» Dataset section:
• • • • •

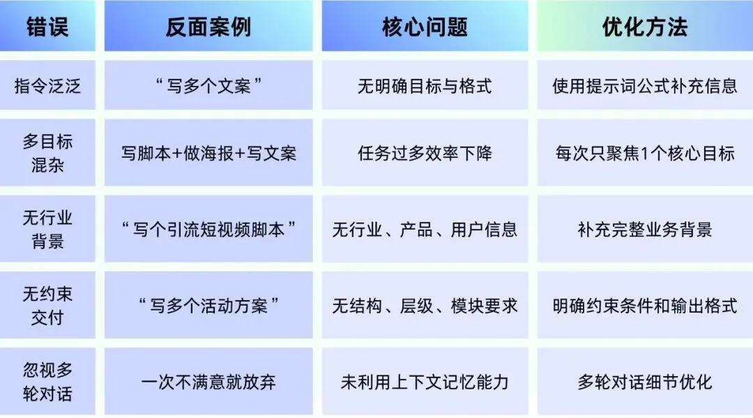 但90%的人都会犯提示词错误。窦伟老师总结了5个常见坑及优化方法:
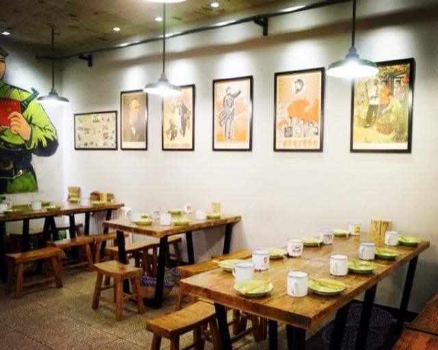 各式革命时期的宣传口号、搪瓷杯、铁饭盒!走进这家店犹如穿越回上了个世纪。菜品起的名字也特别有趣:爱疯6首鸡(烤鸡)、楼前明月(炸锅巴,形似明月)、一抹黑(墨鱼汁炖菜)、饭遭殃(下饭菜,饭要遭殃)地址:错埠岭三路17号 特色:风格怀旧、回头客高口碑人均:59元
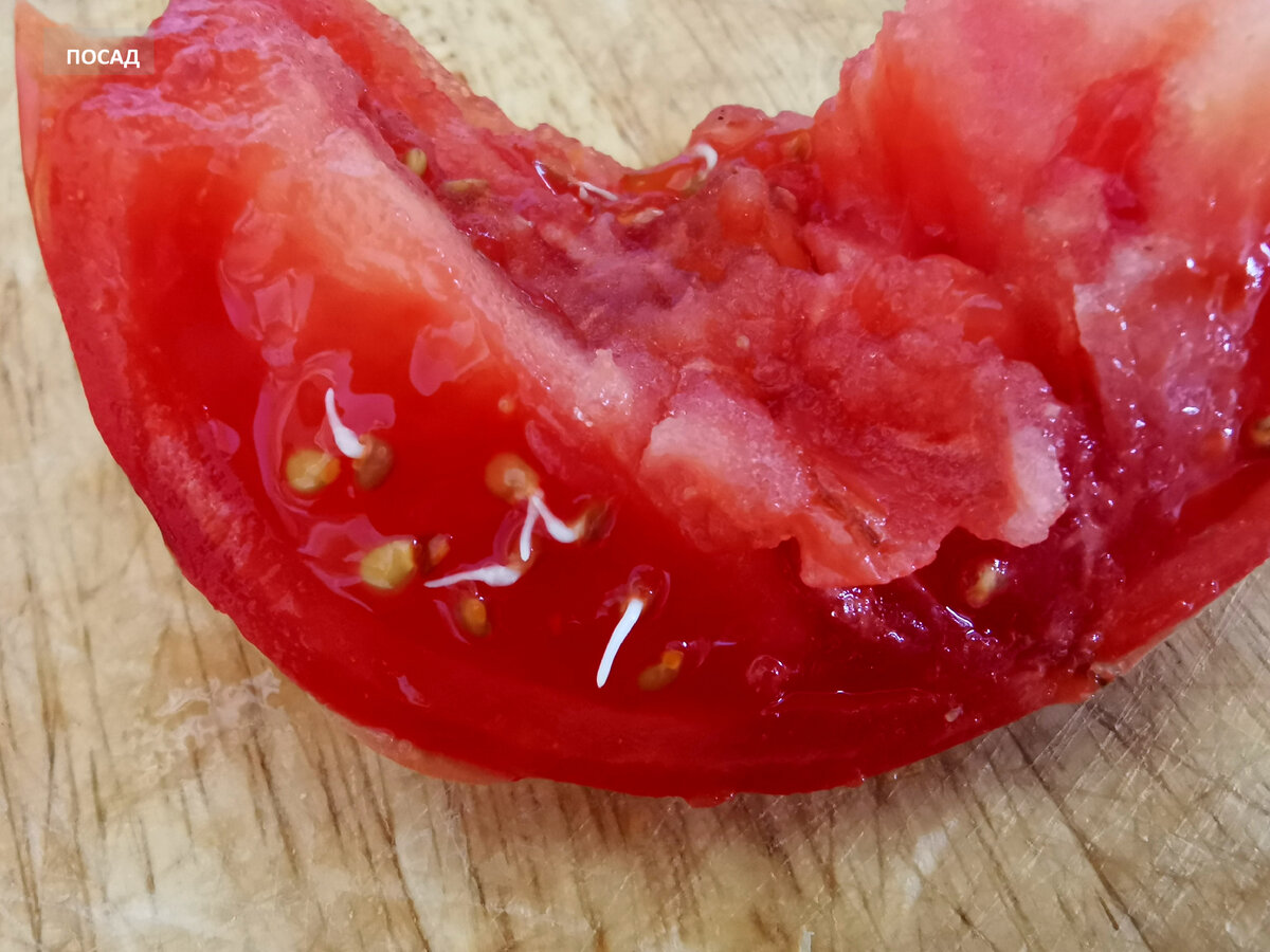 В прошлом году на одном из продуктовых прилавков попался помидор с необычным признаком - он оказался вивипарным, то есть семена начали прорастать прямо внутри плода. Это явление, как правило, связано с нарушениями в условиях хранения, но не стоит паниковать - это не генетическая аномалия.
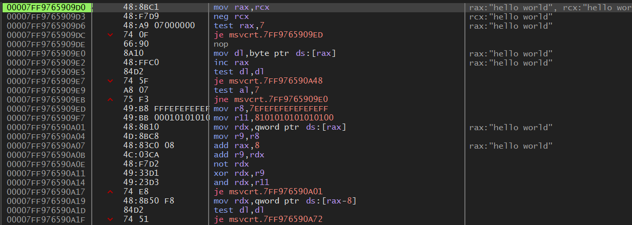 4015DC 주소의 strlen() 함수 call 명령 내부로 가면 위와 같이 나온다.

• • • • •

» Problem: Transcribe the material as is, with images omitted.

» Response below:
 但90%的人都会犯提示词错误。窦伟老师总结了5个常见坑及优化方法:
 各式革命时期的宣传口号、搪瓷杯、铁饭盒!走进这家店犹如穿越回上了个世纪。菜品起的名字也特别有趣:爱疯6首鸡(烤鸡)、楼前明月(炸锅巴,形似明月)、一抹黑(墨鱼汁炖菜)、饭遭殃(下饭菜,饭要遭殃)地址:错埠岭三路17号 特色:风格怀旧、回头客高口碑人均:59元
 В прошлом году на одном из продуктовых прилавков попался помидор с необычным признаком - он оказался вивипарным, то есть семена начали прорастать прямо внутри плода. Это явление, как правило, связано с нарушениями в условиях хранения, но не стоит паниковать - это не генетическая аномалия.
 4015DC 주소의 strlen() 함수 call 명령 내부로 가면 위와 같이 나온다.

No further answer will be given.